Doll dan Hill pun memperluas hasil penelitian mereka dengan menerapkan pendekatan cohort – mengobservasi jenis penyakit kelompok target dan pembanding serta penyebab kematian dalam periode beberapa tahun. Mereka mulai mengirimkan survei singkat tentang sejarah merokok kepada 59.600 dokter di Inggris pada Oktober 1951. Kelompok dokter yang menjadi target adalah mereka yang lahir antara 1900-1930. Jawaban para dokter kemudian mereka kelompokkan berdasarkan kategori perokok dan bukan perokok. Doll dan Hill kemudian mencatat setiap terjadinya kematian di masing-masing kelompok serta penyebab kematian.
Hasil penelitian mereka selama empat tahun dan lima bulan itu akhirnya terbit pada 1957 dan dimuat British Medical Journal dengan judul “Lung cancer and other causes of death in relation to smoking; a second report on the mortality of British doctors”. Dari total 1.714 kematian yang tercatat, 84 di antaranya disebabkan kanker paru sebagai faktor utama dan dialami oleh lebih dari 90% perokok –di mana kategori perokok berat (di atas 25 gr tembakau sehari) memiliki tingkat mortalitas tertinggi. Penyebab kematian lainnya termasuk jenis kanker lain dan penyakit jantung.

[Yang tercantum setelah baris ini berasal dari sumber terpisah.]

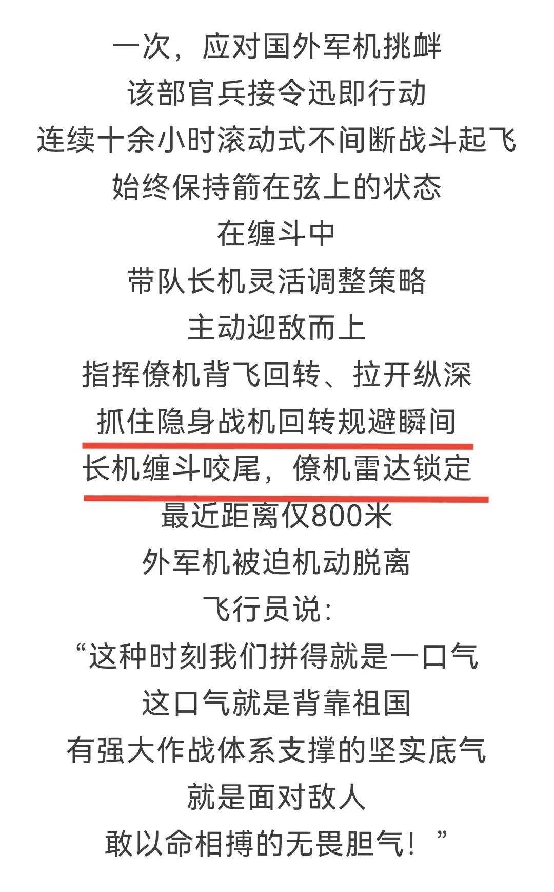 2月11日,据中国军网报道,解放军“海空雄鹰团”两架苏-30战机,在处置外军军机挑衅任务中,上演震撼空中较量。 飞行员连续十余小时滚动战斗起飞,长机灵活抢占阵位、贴身缠斗咬尾,指挥僚机背飞回转拉开纵深,抓住外机规避瞬间完成雷达锁定,最近距离仅800米,外军隐身战机被迫紧急机动脱离。 飞行员掷地有声:这种时刻,我们拼得就是一口气! 从公开细节判断,此次遭遇的外军隐身目标,极大概率为美军F-35系列战机,或从嘉手纳基地起飞的F-35A,或从两栖攻击舰起飞的F-35B。 我军四代机能精准截击、近身锁定五代隐身机,核心依托完整反隐身作战体系——地面远程预警与空中预警组网严密,即便F-35保持电磁静默,仍能被稳定追踪定位;相反,外机因静默状态,难以提前发现我机,被我双机编队从容接近、形成战术压制。 现代空战,从来不是单机比拼,而是体系对决。 近距格斗中,双机配合、战术优势远胜单一机型性能;F-35的机动能力,并不占优。 能发现、能跟踪、能锁定,就意味着能拦截、能驱离,必要时可果断击落。在我军完整空情预警与空战体系支撑下,不论是苏-30、歼-11、歼-10C还是歼-16,都有能力对F-22、F-35形成有效克制。 英雄部队亮剑海空,底气来自实力,忠诚守护祖国领空!
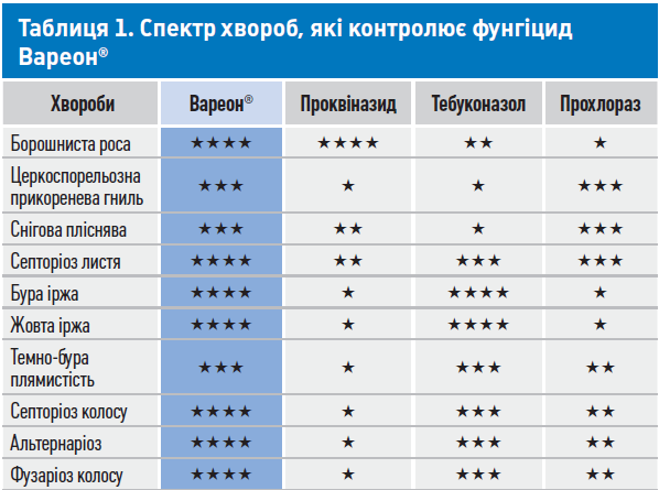 Вареон® містить три діючі речовини: проквіназид, тебуконазол та прохлораз, які в комплексі забезпечують високу ефективність проти певного спектра хвороб (табл. 1). Фунгіцид Вареон® є ідеальним рішенням для застосування навесні, після відновлення вегетації озимих зернових культур. Виробники, що мали досвід використання цього препарату, відзначають його позитивний вплив на фізіологію рослин: пришвидшення розвитку кореневої системи, збільшення кількості продуктивних стебел, інтенсивний ріст. Рекомендована норма застосування – 0,75 л/га.
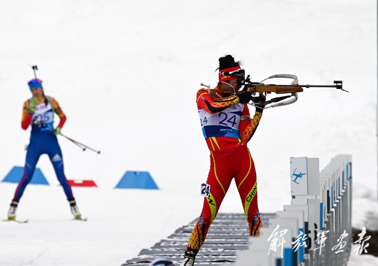 當(dāng)?shù)貢r間3月25日,我軍選手曲穎(右)參加冬季兩項比賽。
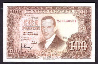 Spain. 100 Pesetas 1953 2J4440831 Crisp VF. DY19226
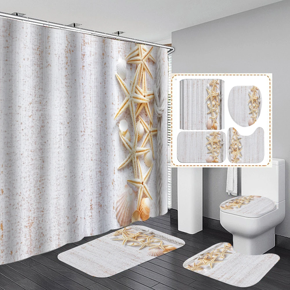 180*180 см пляжные Раковина Морская звезда ткань Душ Шторы s Ванная комната наборы занавесок Противоскользящий коврик для ванной комнаты в Ковер Крышка для унитаза коврик для ванной
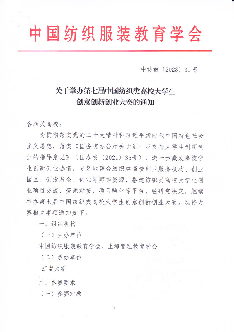关于举办第七届中国纺织类高校老员工创意创新创业大赛的通知
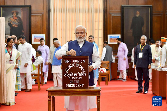 7月18日,印度总理莫迪在新德里参加总统选举投票。(新华社/印联社)
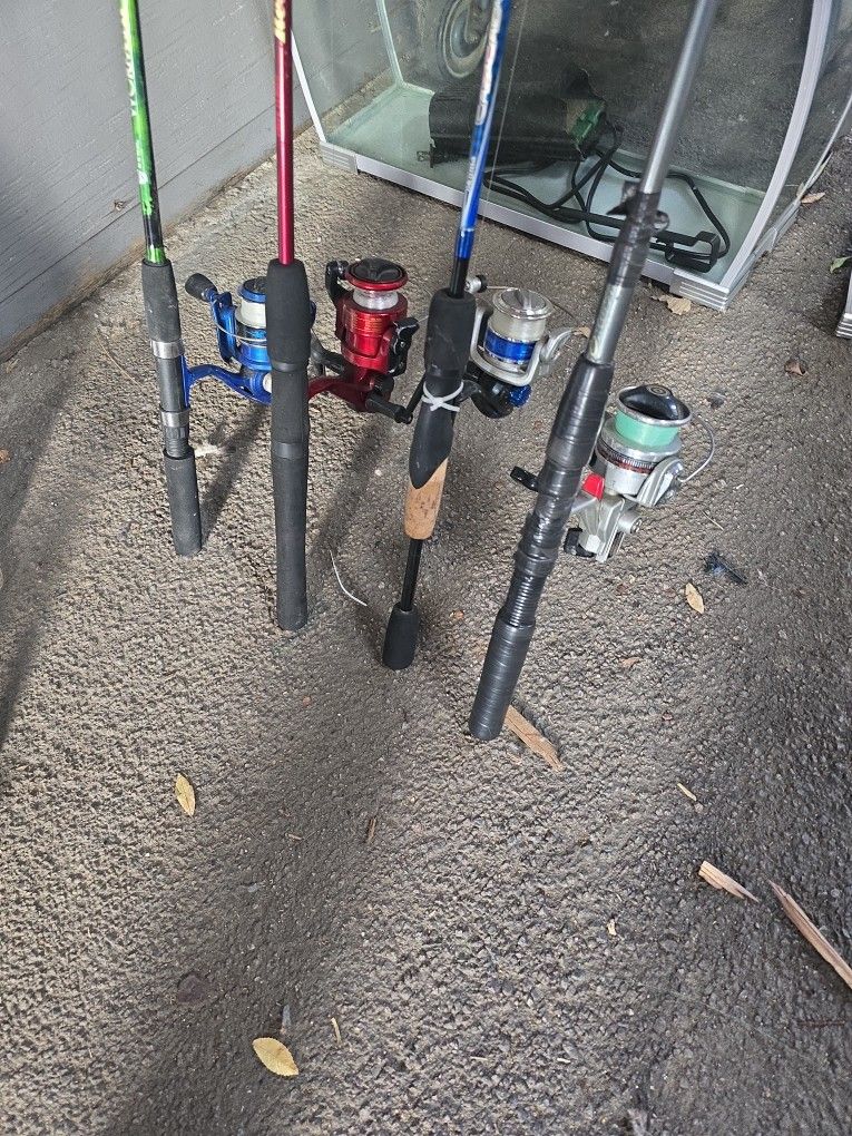 4 FISHING COMBO SETS (RODS WITH REELS) GREAT CONDITION LIKE NEW 6 FT LONG LINE WIGHT 4-10LB. GOOD FOR LAKES AND RIVER (FRESHWATER) FOR ADULTS GOOD FOR RIGHT AND LEFT HANDED ✋️ ASKING PRICE FOR EACH COMBO-$30 OR FOR ALL 4 COMBO -$99 LOCATED IN NORTH HOLLYWOOD CA

Penelitian Doll dan Hill berjalan bersamaan dengan sejumlah penelitian lainnya, termasuk di Amerika. Evarts Graham yang terkenal dengan komentar “stocking nilon”, bersama ilmuwan Ernest Wynder, akhirnya bersedia berkolaborasi meneliti sejarah penderita kanker paru-paru yang disebabkan kebiasaan merokok dalam jangka waktu lama. Hasil penelitian mereka, terbit pada 1950 dengan judul “Tobacco Smoking as a Possible Etiologic Factor in Bronchiogenic Carcinoma“ dalam publikasi American Medical Association, menunjukkan dari 605 penderita kanker paru-paru, sebanyak 96,5% adalah perokok sigaret.
Sayangnya, Evarts Graham pun kemudian terdiagnosis kanker paru-paru tujuh tahun setelah publikasinya. Graham, yang beberapa tahun sebelumnya baru berhenti merokok, awalnya menderita keluhan serupa flu. Setelah berminggu-minggu tak kunjung sembuh, dia memutuskan melakukan pemeriksaan x-ray dan menemukan tanda-tanda kanker paru-paru.
“Saya sangat gelisah untuk mengabarkan penyakit ini kepadamu, mengingat persahabatan serta kerjasama yang baik dan menyenangkan yang kita lakukan untuk mengalahkan musuh ini, yang kini berhasil menaklukkan saya,” tulis Graham dalam surat kepada Wynder, 6 Februari 1957. Kondisi Graham terus menurun hingga meninggal dunia pada 4 Maret 1957.
Pro dan kontra tembakau terus berlanjut. Bergulirnya penelitian baru serta peraturan-peraturan pemerintah di Eropa dan Amerika yang membatasi ruang lingkup perokok, batasan usia, serta pencantuman bahaya merokok terhadap kesehatan diikuti dengan berbagai studi dan lobi untuk mendebatnya. Merokok telah menjadi bagian dari budaya manusia dan akan selalu menjadi sebuah pilihan untuk menikmati atau menghentikannya.